Medwedew - Chance für Europa?
Medwedew von vorneherein nur als "Marionette" zu sehen, könnte eine große Fehlkalkulation sein, schätzt auch der Staatsminister im Auswärtigen Amt, Gernot Erler (SPD). Er erwartet eine konstruktive Zusammenarbeit mit dem künftigen russischen Präsidenten Dmitri Medwedew. Dieser sei eine "Chance", weil er vielleicht noch stärker als Amtsinhaber Wladimir Putin sagen werde, er brauche die Europäische Union und Deutschland als Partner, sagte Erler am Montag im Deutschlandfunk.

Wenn Medwedew seine Ankündigungen zur Modernisierung der russischen Gesellschaft und Wirtschaft umsetze, würde es sogar zu einer Intensivierung der Kooperation mit Europa und Deutschland kommen können, fügte Erler hinzu.

Mit Blick auf die Fairness der Wahl, sagte der SPD-Politiker, bei dieser seien die "administrativen Ressourcen voll eingesetzt" worden. So sei etwa Medwedew ständig im Fernsehen zu sehen gewesen, während die anderen Kandidaten kaum vorgekommen seien. Es sei aber auch nicht zu übersehen, dass es im Land eine große Bereitschaft gebe, den Kandidaten Putins zu unterstützen und damit für Kontinuität zu sorgen.

Medwedew an seinen Worten messen
Der CDU-Außenexperte Ruprecht Polenz rechnet mit der Fortsetzung der bisherigen Politik in Russland. "Es spricht viel dafür, dass Putin den Lenker nicht aus der Hand geben wird", sagte der CDU-Politiker am Montag im Deutschlandradio Kultur.

Er rechne damit, dass der Einfluss von Putin, der künftig Ministerpräsident sein wird, nach wie vor bestimmend sein werde. Polenz kritisierte zugleich die Wahl: "Das Volk hatte keine Auswahl, das hat mit Demokratie wenig zu tun."

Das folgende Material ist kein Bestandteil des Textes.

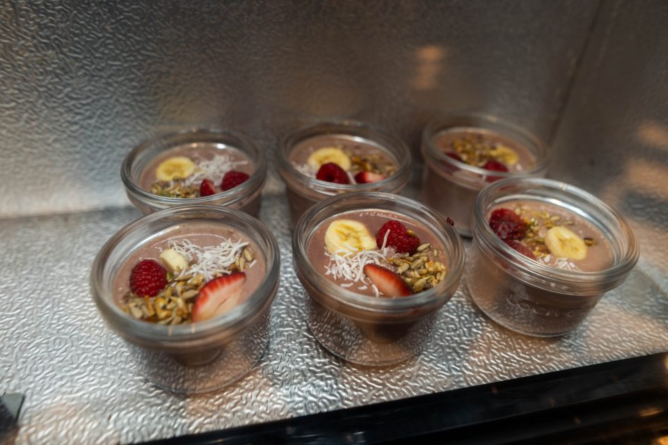 The vegan coconut yoghurt bowl with mango-passionfruit coulis is pure luxury; layers of creamy coconut yoghurt topped with sweet, tangy coulis that delights my taste buds.

Der künftige Präsident Dmitri Medwedew habe sich in seinem Wahlkampf für Freiheit, mehr Rechtsstaat und Zivilgesellschaft eingesetzt sowie unabhängige Richter und Medien gefordert, fügte Polenz hinzu. "Ich finde, man kann ihm dafür keinen Vertrauensvorschuss geben, denn schließlich ist er Bestandteil des bestehenden Systems gewesen", sagte Polenz. "Aber man wird ihn an seinen Worten messen können. Und das sollten wir tun."